Extracted data entries
::::::::

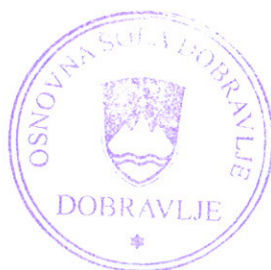
Mirjam Kalin, ravnateljica

Skupaj je bilo torej porabljenih € 58.381,12 sredstev iz presežka iz leta 2015 in preteklih let.
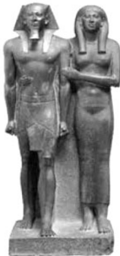
Foto 1. Faraonul Mikerinos și soția, ilustrare a canonului iconografic egiptean: stereotipie, imobilism, lipsă expresivitate, raport 2 X 10 X 6, apud W.Gardner .

Tendența naturalistă în arta occidentală este o continuatoare a celei orientale, aceasta modelând exprimările formale și ilustrând un conținut eclectic de motive și modele. Creațiile naturii sunt cel mai bine imitate în sculptură, prin folosirea rațională a celor trei dimensiuni. Trei dimensiuni stereotipe în arta plastică egipteană, canon iconografic unitar ce se referă la imobilismul figurilor, absența expresivității și pasul către moarte schițat de cei reprezentați.
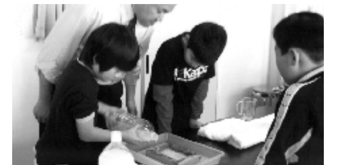
4年 古紙再生授業 紙すき体験①

紙のもとになる大きなロールなどを見学。実際に学校で回収した牛乳パック約600枚を、再生したトイレトペーパーに交換してもらった。これにより、ふだんの牛乳パックリサイクルの活動が「回収した後の過程」や「再生した製品」とつながり、牛乳パックのリサイクルについて深くとらえることができた。
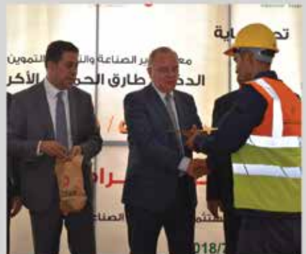
معرض التشغيل الصناعي الثالث - شرق عمان
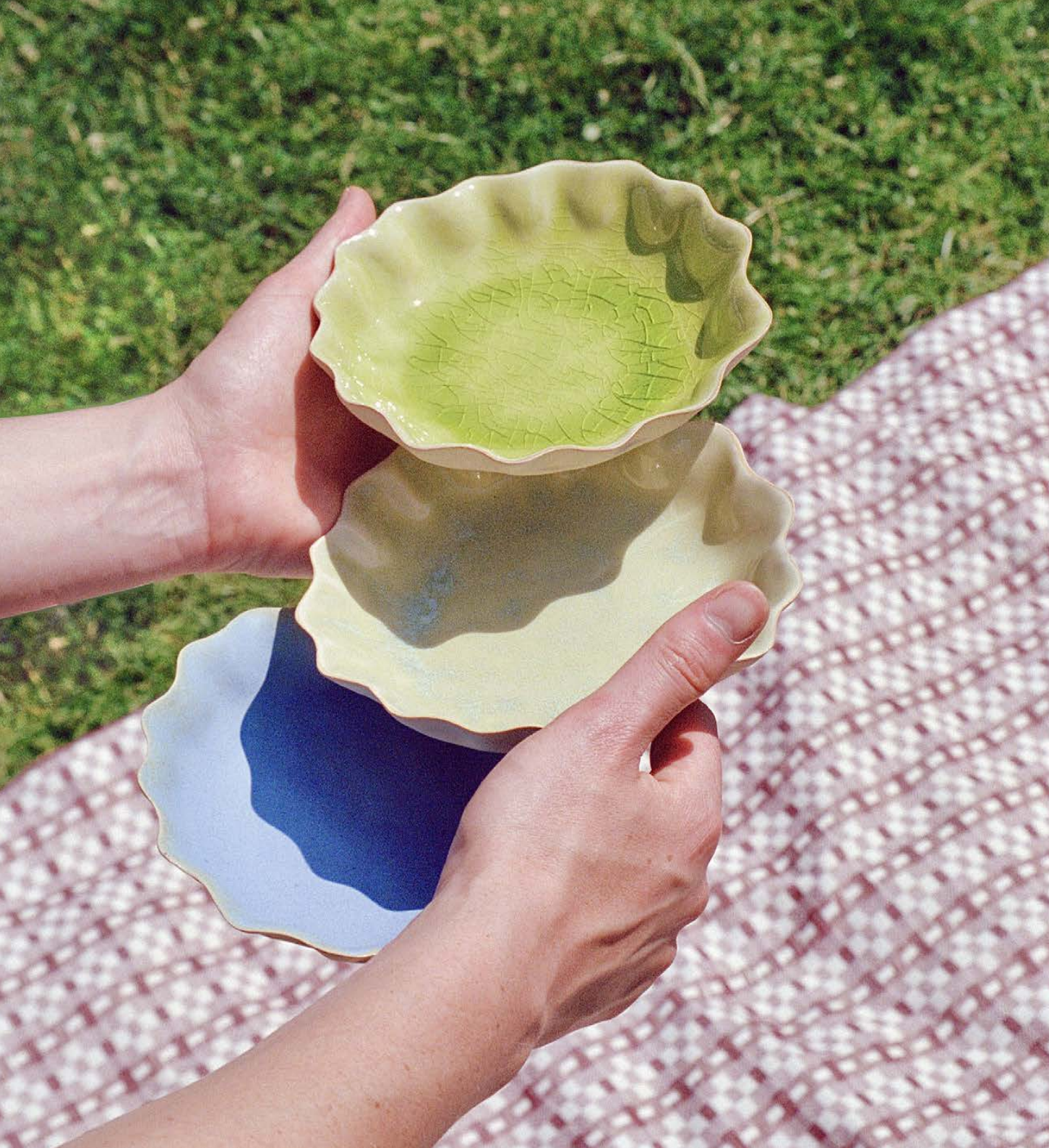
Assiette Corolle ø 15 x 3,5 cm 44 €
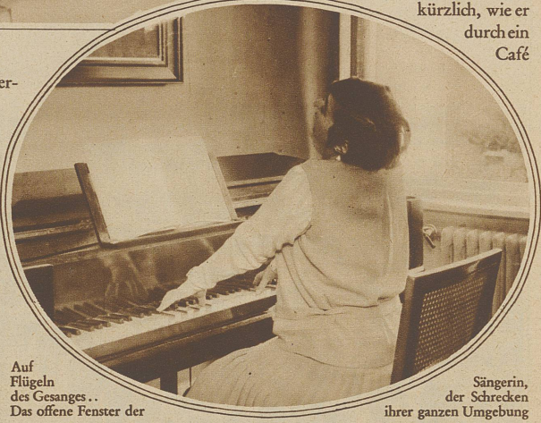
Auf Flügeln des Gesanges... Das offene Fenster der

Vetter von mir hörte kürzlich, wie er durch ein Café
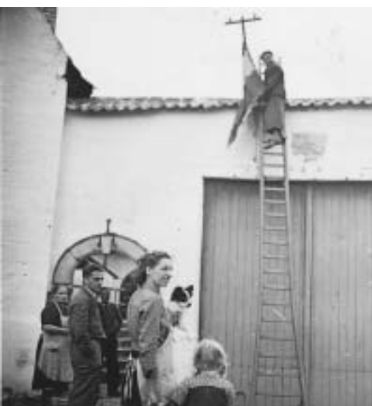
De vlag gaat omhoog om de bevrijding te vieren, 1945.
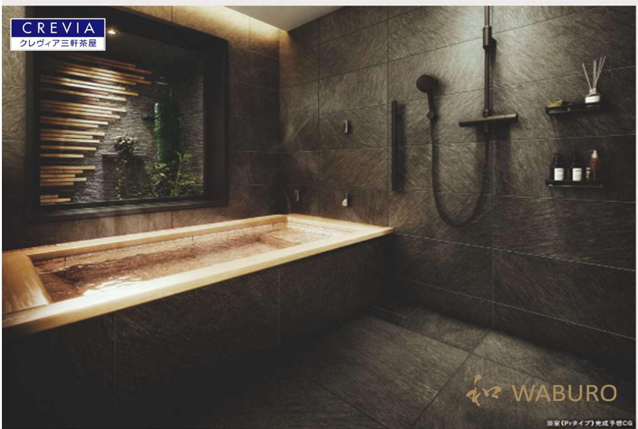
石貼り浴槽のある WABURO PM Premier Line（6 邸）
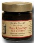
Chutney de ciruelas
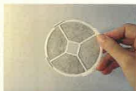
↑掃除後のフィルター ↓外の光がフィルター越しに見えるようになりました
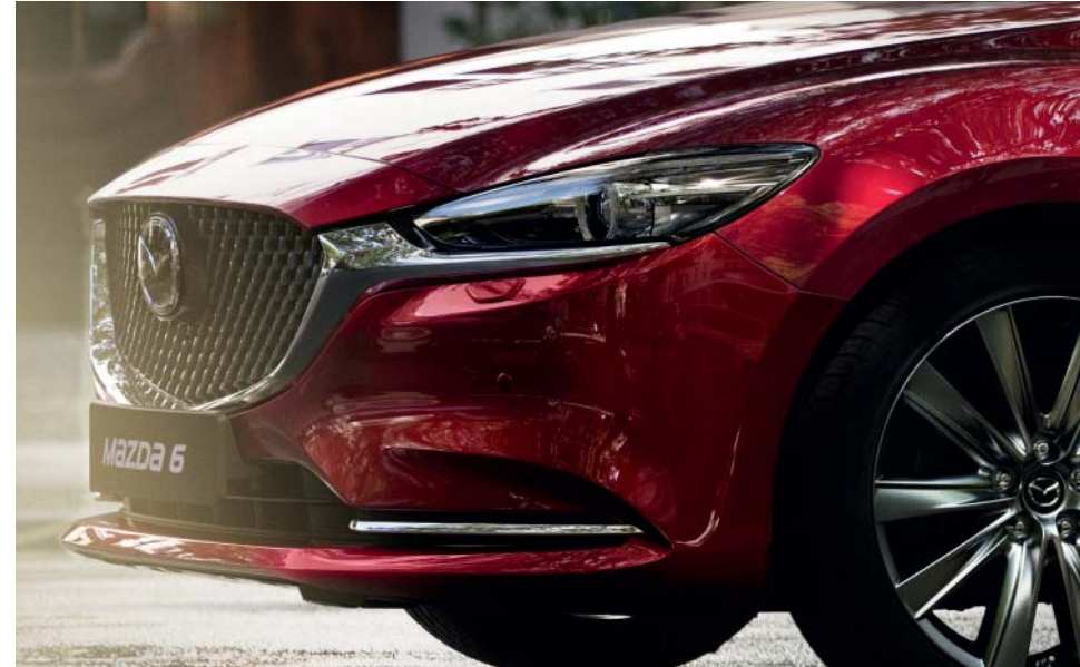
Foto links boven: Mazda6 als Signature uitvoering, 19-inch lichtmetalen velg in Bright Silver
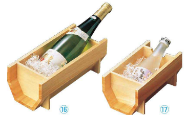
⑯ 白木 ワインクーラー 〈PWI-97〉 9-1930-1601 ¥9,600 280×120×H100

::::::::

▶ _Exercise aim_
Copy exactly, and only, the lines from the first entry through the line holding "Foto 1. Faraonul", both ends included, leaving out every picture.

▶ _Solution to this task_
Mirjam Kalin, ravnateljica

Skupaj je bilo torej porabljenih € 58.381,12 sredstev iz presežka iz leta 2015 in preteklih let.
Foto 1. Faraonul Mikerinos și soția, ilustrare a canonului iconografic egiptean: stereotipie, imobilism, lipsă expresivitate, raport 2 X 10 X 6, apud W.Gardner .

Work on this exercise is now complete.